The top two predictors are the same for the non-linear SVM model and the tree model. The third most influential variable in the tree model, ManufacturingProcess09 is the tenth most important in the non-linear SVM model. BiologicalMaterial06 appears in the top four most important predictors for both models. ManufacturingProcess17 is the only other shared important predictor for these two models.

Lasso Linear Model

ManufacturingProcess32 is the top predictor for both the non-linear lasso model and the tree model. ManufacturingProcess13 and ManufacturingProcess09 appear in the top three, but the order of importance is switched for these two models. None of the biological predictors are shared amongst these models. ManufacturingProcess17 also appears as an important predictor within this model.

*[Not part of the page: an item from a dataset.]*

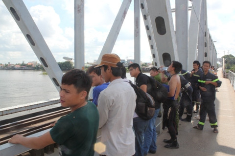 | Lực lượng chức năng có mặt tại cầu Bình Lợi triển khai công tác cứu hộ cứu nạn (Ảnh: Phạm Nguyễn) |

(c) Plot the optimal single tree with the distribution of yield in the terminal nodes. Does this view of the data provide additional knowledge about the biological or process predictors and their relationship with yield?

single_tree <- rpart(Yield ~ ., 
                     data = trainChem)

rpart.plot(single_tree)

The top predictor is the same, which is unsurprising. There are more biological predictors present in the single tree model than were seen in the more robust tree models. The tree gives interpretable breakdowns behind the reasoning of the splits which show the relationship between each predictor in the tree and the yield.